===== ENTRIES SUPPLIED =====

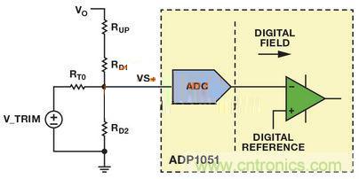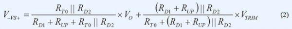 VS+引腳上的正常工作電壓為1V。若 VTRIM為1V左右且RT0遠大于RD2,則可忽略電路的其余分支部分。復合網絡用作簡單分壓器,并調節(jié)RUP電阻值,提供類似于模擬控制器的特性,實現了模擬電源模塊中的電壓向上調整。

=====
===== ENTRIES SUPPLIED =====

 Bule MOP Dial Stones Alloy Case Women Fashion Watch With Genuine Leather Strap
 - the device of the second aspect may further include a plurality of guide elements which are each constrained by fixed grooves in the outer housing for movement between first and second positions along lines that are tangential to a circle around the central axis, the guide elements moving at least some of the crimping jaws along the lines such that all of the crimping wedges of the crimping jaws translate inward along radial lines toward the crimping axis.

=====
===== ENTRIES SUPPLIED =====

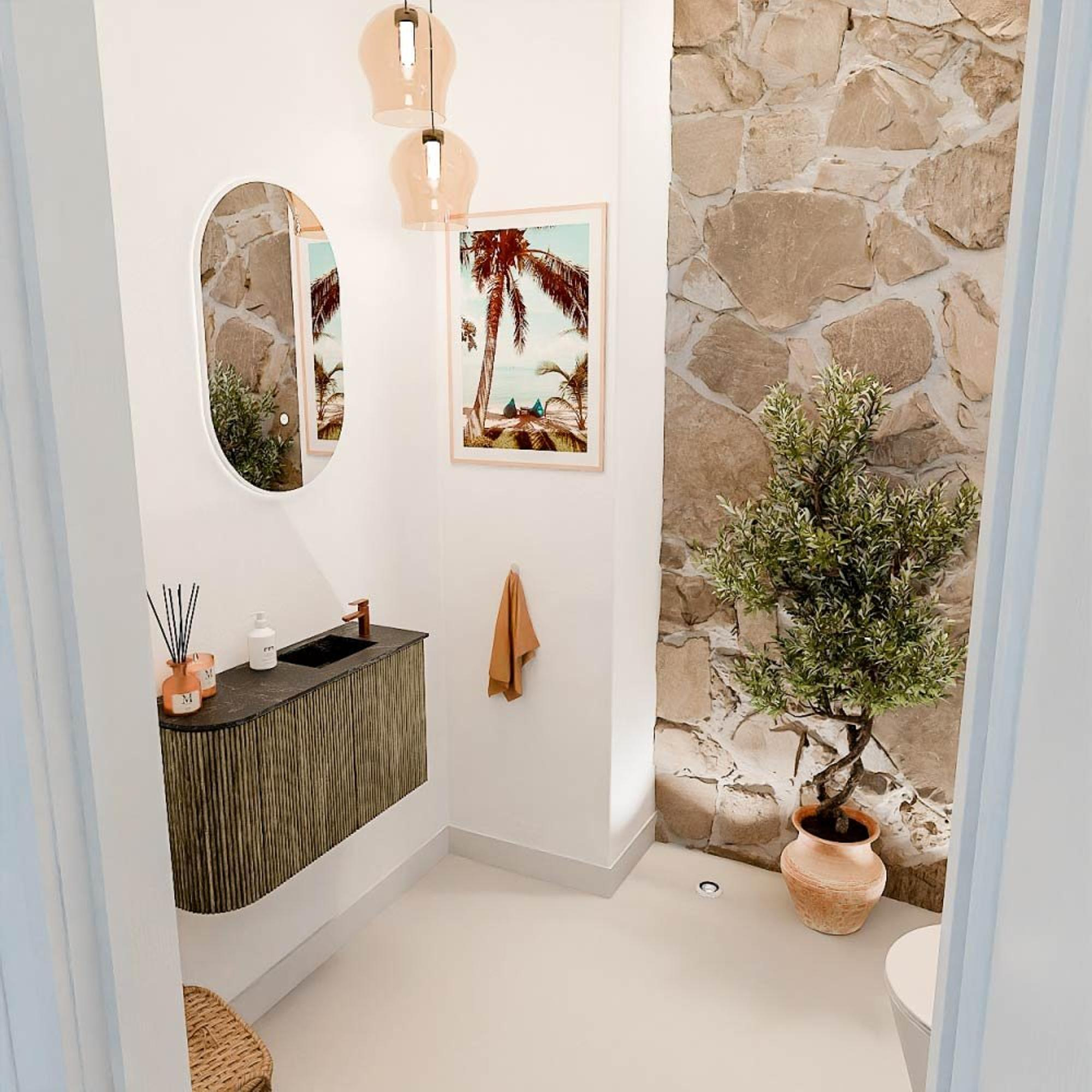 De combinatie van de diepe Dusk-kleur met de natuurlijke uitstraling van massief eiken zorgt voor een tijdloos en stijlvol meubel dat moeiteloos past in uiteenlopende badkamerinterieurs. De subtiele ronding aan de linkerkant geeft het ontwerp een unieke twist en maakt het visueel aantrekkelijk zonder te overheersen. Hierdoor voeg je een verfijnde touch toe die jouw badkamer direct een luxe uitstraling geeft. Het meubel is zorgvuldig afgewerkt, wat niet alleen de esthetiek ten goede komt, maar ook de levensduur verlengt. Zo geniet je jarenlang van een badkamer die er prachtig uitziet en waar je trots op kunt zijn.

=====

▶ _TASK PROMPT_: Among the records above, extract exactly the lines from the line with "Bule MOP Dial" to the line with "- the device", both lines included, and leave out the rest.

▶ _RESPONSE TO THE EXERCISE_:
 Bule MOP Dial Stones Alloy Case Women Fashion Watch With Genuine Leather Strap
 - the device of the second aspect may further include a plurality of guide elements which are each constrained by fixed grooves in the outer housing for movement between first and second positions along lines that are tangential to a circle around the central axis, the guide elements moving at least some of the crimping jaws along the lines such that all of the crimping wedges of the crimping jaws translate inward along radial lines toward the crimping axis.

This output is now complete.